## WHAT TO PRODUCE
Starting at the first line of the listing below, repeat each line up to and including the one containing "Angular prongs give". Leave out pictures.

## GIVEN INFORMATION
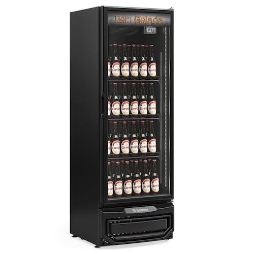 Cervejeira Vertical 410 Litros GCB40VLB Gelopar. Ideal para lanchonetes, bares, restaurantes e similares. Conservação e exposição de Cervejas e Bebidas (Água, Sucos e Refrigerantes). Temperatura regulável: -6°a +3°C (Modo Economia). Controlador eletrônico com indicador de temperatura. Refrigeração: Ar forçado com evaporador aletado. Degelo: Automático. Iluminação: 2 barras de LED internas (perimetral). Porta de vidro duplo temperado baixo emissivo (sem aquecimento). Prateleiras aramadas: 3 níveis reguláveis. Revestimento: Interno e externo em aço pré-pintado preto. Vidros sujeitos a condensação da umidade do ar. PORTAS: 1. FREQUÊNCIA: 60Hz. PLANO DE CARGA: 360 latas 350ml ou 156 garrafas 600ml. CAPACIDADE: 410 litros. CONSUMO: 4,64kWh/dia. PESO: 98kg. DIMENSÕES(CxAxP): 64,5x186x64,5cm. Equipamento certificado conforme Portaria Inmetro nº 148/2022. Cervejeira Vertical 410 Litros GCB40VLB Gelopar é na Atau.
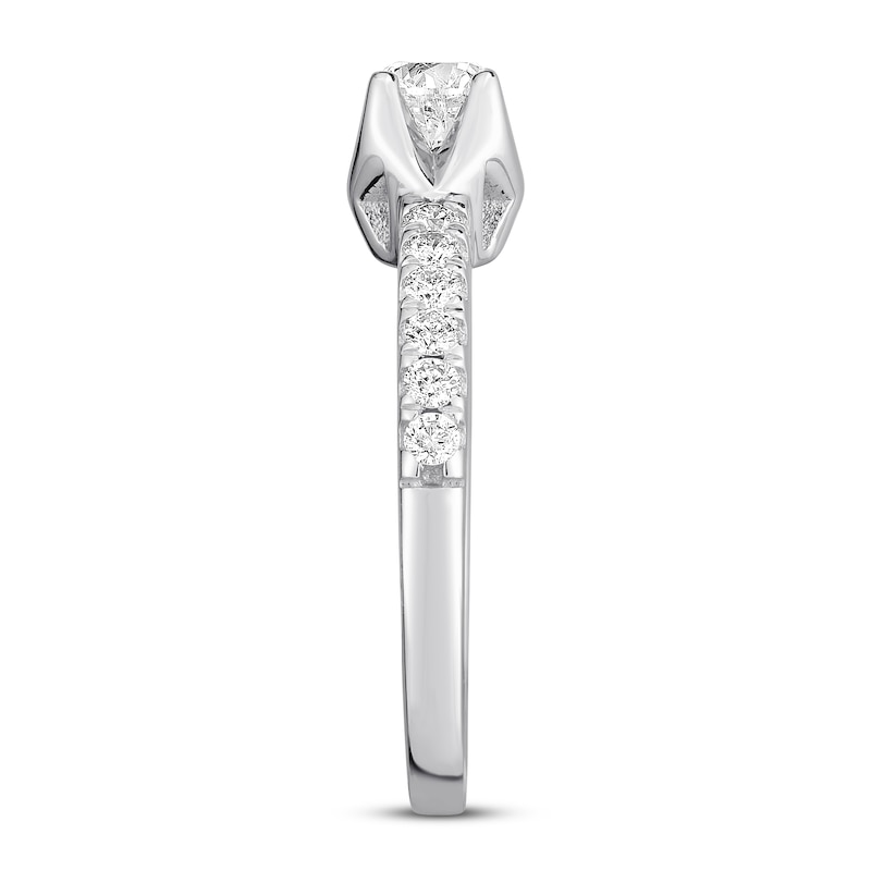 Angular prongs give the 1/2-carat round center diamond a contemporary look in this gorgeous engagement ring. More round diamonds sparkle along the 14K white gold band, bringing the total diamond weight to 3/4 carat.
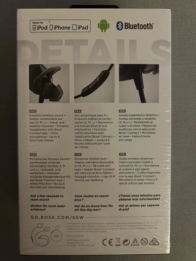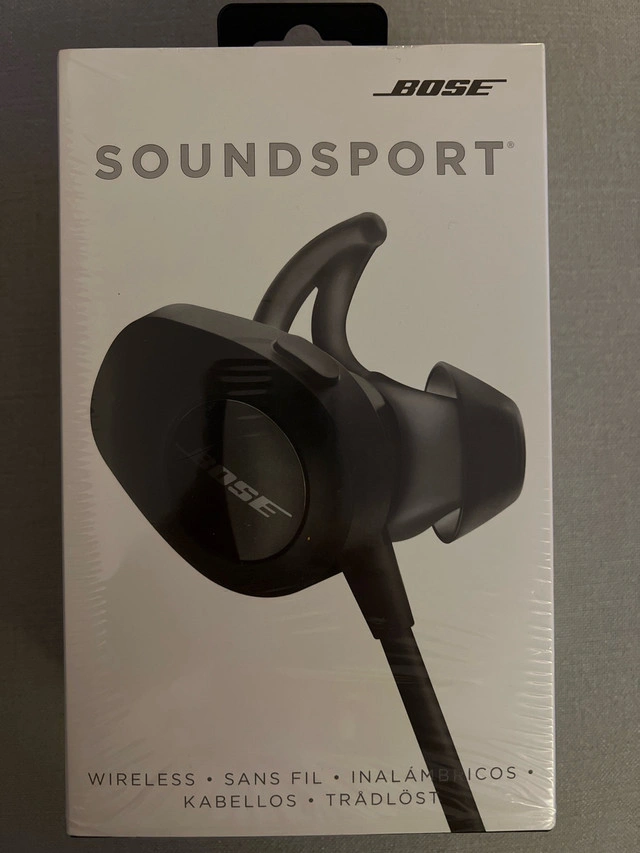 Selling a pair of new, sealed Bose Soundsport wireless headphones in black, offering dynamic wireless sound with comfortable earbuds, sweat and weather resistance, and an inline microphone for calls with up to 6 hours of battery life per charge. Key Features: * Dynamic wireless sound * Sweat and weather resistant * Inline microphone * Up to 6 hours of battery per charge If the ad is up, they're available!

## WORKED SOLUTION
 Cervejeira Vertical 410 Litros GCB40VLB Gelopar. Ideal para lanchonetes, bares, restaurantes e similares. Conservação e exposição de Cervejas e Bebidas (Água, Sucos e Refrigerantes). Temperatura regulável: -6°a +3°C (Modo Economia). Controlador eletrônico com indicador de temperatura. Refrigeração: Ar forçado com evaporador aletado. Degelo: Automático. Iluminação: 2 barras de LED internas (perimetral). Porta de vidro duplo temperado baixo emissivo (sem aquecimento). Prateleiras aramadas: 3 níveis reguláveis. Revestimento: Interno e externo em aço pré-pintado preto. Vidros sujeitos a condensação da umidade do ar. PORTAS: 1. FREQUÊNCIA: 60Hz. PLANO DE CARGA: 360 latas 350ml ou 156 garrafas 600ml. CAPACIDADE: 410 litros. CONSUMO: 4,64kWh/dia. PESO: 98kg. DIMENSÕES(CxAxP): 64,5x186x64,5cm. Equipamento certificado conforme Portaria Inmetro nº 148/2022. Cervejeira Vertical 410 Litros GCB40VLB Gelopar é na Atau.
 Angular prongs give the 1/2-carat round center diamond a contemporary look in this gorgeous engagement ring. More round diamonds sparkle along the 14K white gold band, bringing the total diamond weight to 3/4 carat.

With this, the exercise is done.